В первый день, когда я ещё едва ли мог много говорить, Вальтер читал мне вслух разные заметки и с большой теплотой говорил о Фрице Либе и своих отношениях с ним, завязавшихся три года назад. Вокруг отношений Беньямина с его собратьями-марксистами – в Париже это стало мне очевидно – витала некая неловкость, связанная с приверженностью Вальтера к теологическим категориям. К Брехту это относилось в той же мере, что и к институтскому кругу. Внимательная настороженность Беньямина и подчёркивание равенства воззрений не могли скрыть то, что было вынесено за скобки. Брехт заметно мешал теологической стихии Беньямина. Беньямин это осознавал и не утаивал от меня. Хоркхаймер и другие сотрудники Института не могли тогда с этим абсолютно ничего поделать, и лишь Адорно говорил о теологической составляющей на секуляризованном уровне. Сам Адорно был далёк от теологических интересов, но понимал, что они имеют для Беньямина центральное значение. Так вышло, что в кругу марксистов, где Беньямин вращался, он смог завязать настоящую дружбу только с Фрицем Либом, совершенно необычной фигурой. Ведь Либ, один из самых оригинальных учеников Карла Барта, был сложившимся теологом – в те годы приват-доцентом теологии в Базеле – и подлинным социалистом коммунистической веры. Он был единственным, для кого теологическое измерение позднего Беньямина оказалось непосредственно понятным и значимым без сомнения. Они сошлись на общей почве. Насколько я помню, это был единственный человек в годы эмиграции, с кем Беньямин после немногих встреч перешёл на «ты» – чего не было ни с кругом Института, ни с Брехтом. Либ, с которым я познакомился лишь в последние годы его жизни, излучал некое свойство мира веры, каким не обладали другие.
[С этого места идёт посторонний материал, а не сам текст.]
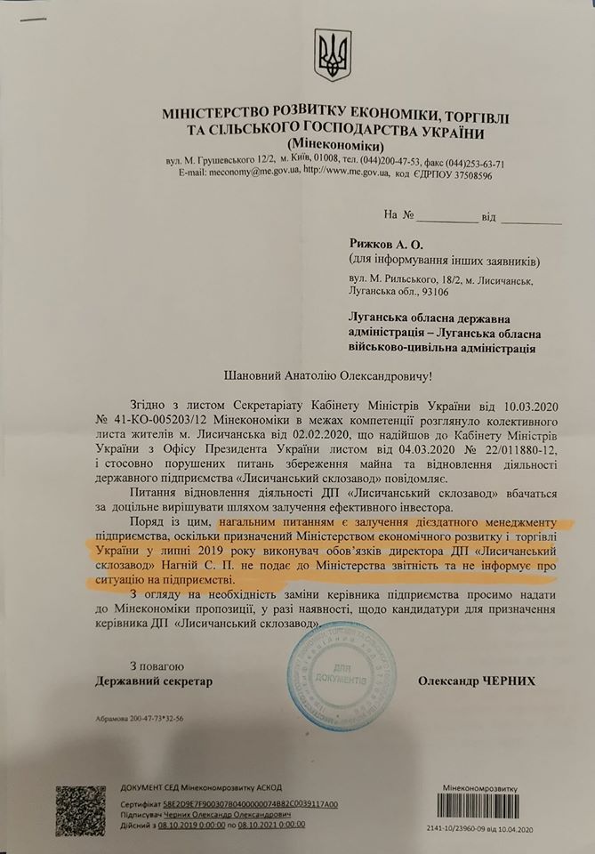 Также в министерстве пожаловались на то, что назначенный в июле 2019 года и.о. директора ГП "Лисичанский стеклозавод" Нагний С.П. не подает отчетность и не информирует о ситуации на предприятии.
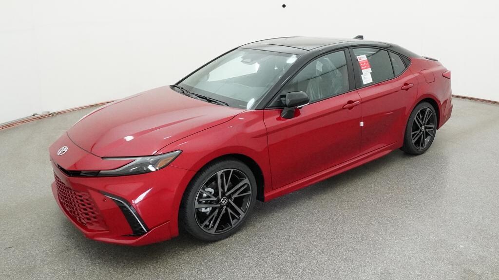 2026 Toyota Camry XSE Red 4-Wheel Disc Brakes, 6 Speakers, ABS brakes, Air Conditioning, Alloy wheels, AM/FM radio: SiriusXM, Apple CarPlay/Android Auto, Auto High-beam Headlights, Auto-dimming Rear-View mirror, Automatic temperature control, Brake assist, Bumpers: body-color, Delay-off headlights, Driver door bin, Driver vanity mirror, Dual front impact airbags, Dual front side impact airbags, Electronic Stability Control, Emergency communication system: Safety Connect (5-year trial), Exterior Parking Camera Rear, Four wheel independent suspension, Front anti-roll bar, Front Bucket Seats, Front Center Armrest, Front dual zone A/C, Front reading lights, Fully automatic headlights, Garage door transmitter: HomeLink, Heated door mirrors, Heated Front Seats, Heated front seats, Heated steering wheel, Illuminated entry, Knee airbag, Leather Seat Trim, Leather Shift Knob, Leather steering wheel, Low tire pressure warning, Navigation system: Drive Connect (1 year trial) includes Cloud Navigation with real time traffic and Google POI, Occupant sensing airbag, Outside temperature display, Overhead airbag, Overhead console, Panic alarm, Passenger door bin, Passenger vanity mirror, Power door mirrors, Power driver seat, Power passenger seat, Power steering, Power windows, Radio data system, Radio: 12.3" Toyota Multimedia Audio, Rear anti-roll bar, Rear reading lights, Rear seat center armrest, Rear window defroster, Remote keyless entry, Security system, Speed control, Speed-sensing steering, Split folding rear seat, Spoiler, Steering wheel mounted audio controls, Telescoping steering wheel, Tilt steering wheel, Traction control, Trip computer, Turn signal indicator mirrors, Variably intermittent wipers, Wheels: 19" Smoked Gray and Black-Finished Alloy.

Когда мы смогли дискутировать, на первый план сразу вышла работа о произведении искусства408
. Я анализировал то, что понимал в ней и находил столь же великолепным, сколь и сомнительным. Я обрушился на понятие ауры, которое, на мой взгляд, было искажено псевдомарксистским контекстом, так как Беньямин долгие годы употреблял его в совершенно ином смысле. Его новое определение этого феномена – утверждал я – представляет собой, с логической точки зрения, уловку, позволяющую ему протаскивать метафизические взгляды в не соответствующие им рамки. Но прежде всего я критиковал вторую часть, в которой совершенно надуманная и никуда не годная философия кино как революционной формы искусства пролетариата не имела внятной связи с первой частью. Беньямин упорно отстаивал свою позицию. Его марксизм-де имеет не догматический, а эвристический, экспериментальный характер, а перевод метафизического и даже теологического хода мыслей, который развился у него в наши совместные годы, на марксистские рельсы является чуть ли не заслугой, так как марксистские перспективы смогли раскрыть именно там бóльшую жизненность – по крайней мере, в наше время – чем в первоначально отведённой для них сфере. Ответ Вальтера на мою критику в адрес второй части работы я уже процитировал в другом месте[19]. Он сказал: «Не замеченную тобой философскую связь между двумя частями моей работы революция докажет эффективнее, чем я». Но если в эту революцию не веришь, то на это вряд ли можно было что-то возразить.Другой также довольно страстный оборот принял разговор о Брехте и о моей – отмеченной стойким молчанием – сдержанности в письмах по отношению ко многим произведениям, которые Вальтер мне нахваливал. Например, «Трёхгрошовый роман» я считал низкопробным продуктом, тогда как Вальтер прислал мне копии восторженной критики на него. Он говорил: «Я тебя не понимаю. Ведь это ты в своё время так нахваливал мне Шеербарта. Всякая похвала в его адрес казалась тебе недостаточной, и ты был, конечно, прав. А теперь, когда я рекомендую тебе Брехта – который завершил начатое Шеербартом, а именно – писать на немагическом, совершенно очищенном от всякой магии языке, – ты не проявляешь интереса!».